Fuji Hiro Crispy Chashu & Tamago Sando
Fuji Hiro Kani Tempura Sando
And completing some of the picture, the Things in Bread group, which also has Doh Hut and BAKE, have been doing exactly what the name suggests: taking their best bread and finding the most interesting things to put inside it. What makes it interesting? Not the regular queues out the door, but the regular specials. No hierarchy, no fuss, just a simple acknowledgement that a great white loaf deserves a great filling.
This is not, it should be said, a listicle. This is not “Leeds’ 47 Best Sandwiches Ranked,” with a stock photo of a baguette at the top and affiliate links to a meal-delivery service at the bottom. But if it were, the honourable mentions would be considerable and the arguments would be fierce. Shokupan, for the Japanese milk bread alone. Morty’s Focacceria, doing things with focaccia that should probably require planning permission. Brød Sandwich Bar, bringing restraint to a city that doesn’t always do restraint. Cheesy Living Co and their in-house bakery Fold, whose focaccia has quietly become one of the most talked-about pieces of bread in Leeds. Manjit’s Kitchen, whose chilli paneer wrap has been making the case for plant-based sandwiches long before it was fashionable. Miles & Co on Kirkgate have been quietly doing the thing properly for anyone who knows: solid sandwiches from 11am, a Jambon Beurre that earns its place on any shortlist, and bread from Bluebird in Kirkgate Market keeping the whole thing grounded in something local and real. And The Galley Delicatessen, which would be on any serious list and deserves to be on far more of them than it currently appears. Consider this a formal acknowledgement. The list doesn’t exist. But if it did, you’d need a whole week free.

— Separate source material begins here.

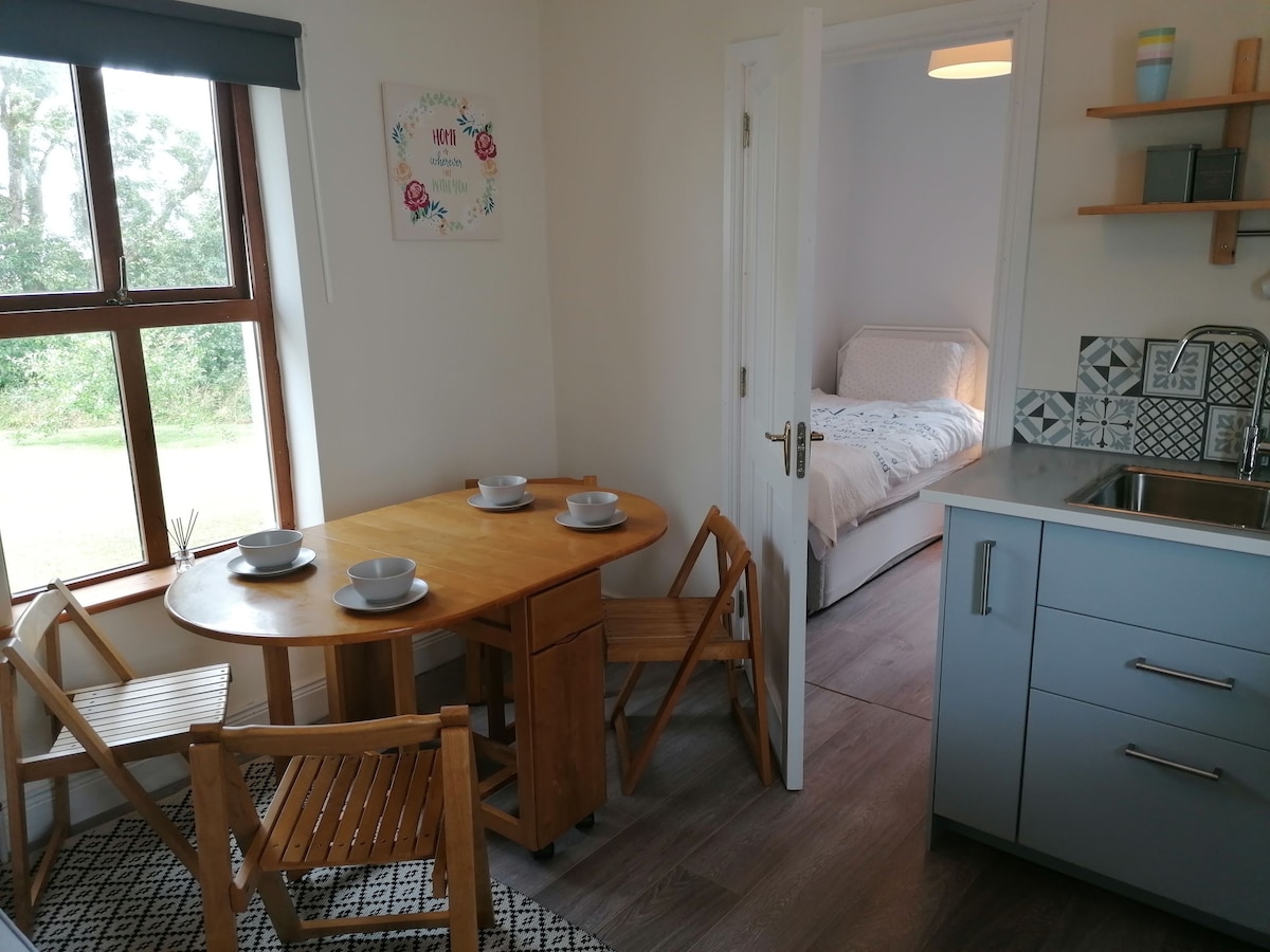 Unwind at this peaceful oasis. The Nook is an adorable 1 bedroom apartment in the heart of the East Cork countryside. Surrounded by the rolling fields and yet only a 10 minute drive to Midleton with its famed restaurants, shops & the Jameson Distillery. This self-contained apartment comes with kitchen/living room, separate single-bed bedroom & a bathroom. Everything you need for your stay. The couch in the living room can be converted to a single bed. Private parking on-site

So what is it about Leeds and bread? Part of it is practical. This is a city that eats on the move, that works long hours, that has always valued substance over theatre. But part of it is something more particular to this moment. Leeds has a generation of chefs and operators who have trained at serious restaurants, travelled specifically to eat, and come back wanting to channel that into something accessible. The sandwich, or the wrap, the panino, the sando, the saj, is the perfect vehicle for that. It’s democratic without being dumbed down. It rewards craft without demanding ceremony.
From Lebanese flatbreads researched in Beirut to salt beef, from vodka chicken parms and legendary chefs making 300-mile pilgrimages, Leeds is making some of the most considered bread-based food in the country right now. You don’t need a reservation. You just need to show up hungry.
Maybe we can talk about things on bread next?